--- Problem description ---
Return, word for word, the lines of the listing below from the one with "88-Key Keyboard Piano" through the one with "um soziale Härtefälle", and no other lines.

--- Given entries ---
------------------------------------------------------------

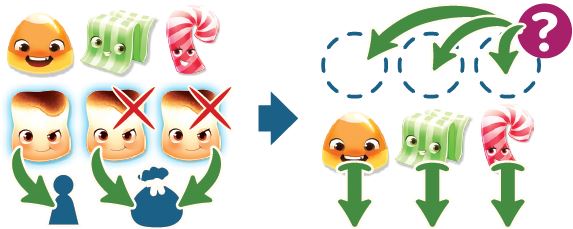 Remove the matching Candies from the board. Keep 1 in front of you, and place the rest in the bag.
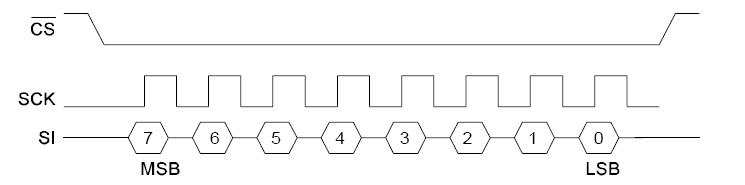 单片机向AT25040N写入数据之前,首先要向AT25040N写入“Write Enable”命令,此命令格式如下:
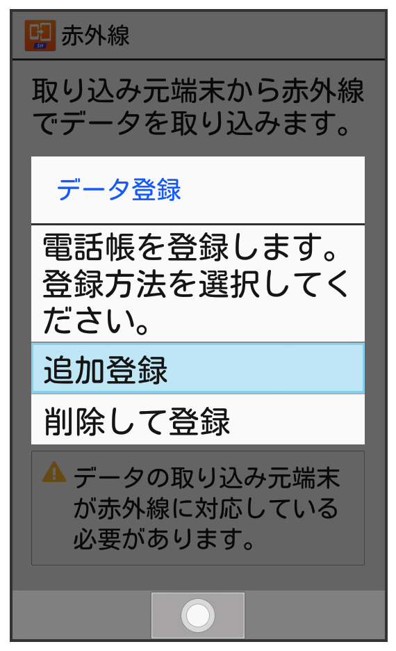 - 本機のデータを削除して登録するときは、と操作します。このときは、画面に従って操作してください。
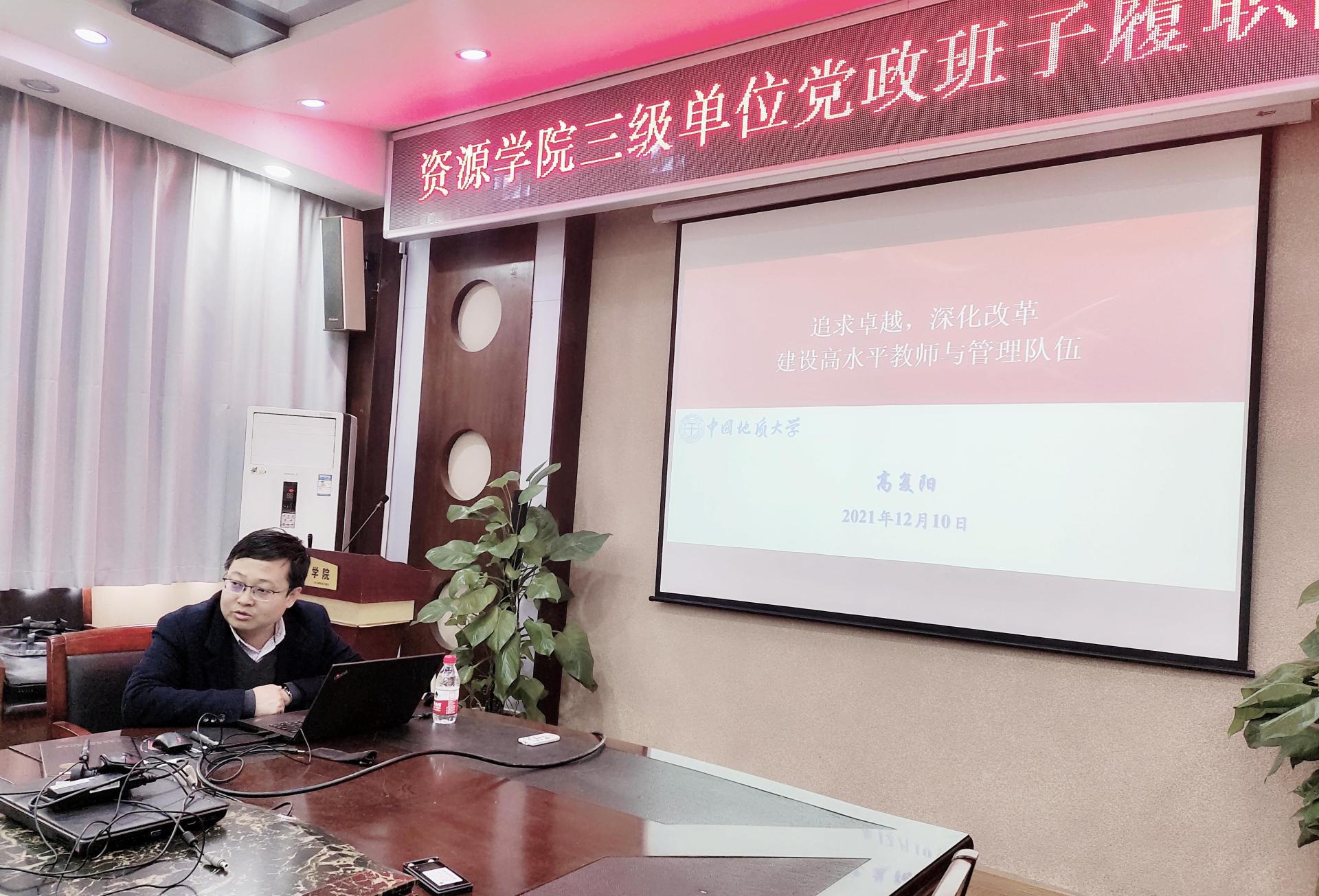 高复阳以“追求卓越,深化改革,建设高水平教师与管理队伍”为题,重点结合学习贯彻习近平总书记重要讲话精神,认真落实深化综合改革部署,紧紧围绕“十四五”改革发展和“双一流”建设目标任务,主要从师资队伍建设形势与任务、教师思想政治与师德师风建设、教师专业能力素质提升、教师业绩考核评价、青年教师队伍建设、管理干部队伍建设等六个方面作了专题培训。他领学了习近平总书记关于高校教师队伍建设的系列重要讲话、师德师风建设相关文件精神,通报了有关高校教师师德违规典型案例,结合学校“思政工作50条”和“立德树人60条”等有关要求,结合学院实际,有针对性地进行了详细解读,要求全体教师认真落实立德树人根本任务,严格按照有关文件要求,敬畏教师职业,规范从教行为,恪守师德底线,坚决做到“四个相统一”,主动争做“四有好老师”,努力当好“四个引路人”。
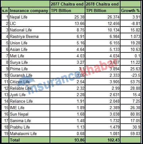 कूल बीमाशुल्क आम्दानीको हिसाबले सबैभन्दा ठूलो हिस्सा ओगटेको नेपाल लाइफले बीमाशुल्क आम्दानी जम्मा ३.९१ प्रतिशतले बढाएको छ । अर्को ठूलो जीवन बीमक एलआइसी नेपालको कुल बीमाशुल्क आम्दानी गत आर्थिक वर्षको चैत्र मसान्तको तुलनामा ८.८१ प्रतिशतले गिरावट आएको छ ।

------------------------------------------------------------

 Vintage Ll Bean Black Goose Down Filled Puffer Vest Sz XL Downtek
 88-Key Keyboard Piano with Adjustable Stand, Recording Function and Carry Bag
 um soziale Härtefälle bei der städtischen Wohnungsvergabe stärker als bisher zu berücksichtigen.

------------------------------------------------------------

--- Task solution ---
 88-Key Keyboard Piano with Adjustable Stand, Recording Function and Carry Bag
 um soziale Härtefälle bei der städtischen Wohnungsvergabe stärker als bisher zu berücksichtigen.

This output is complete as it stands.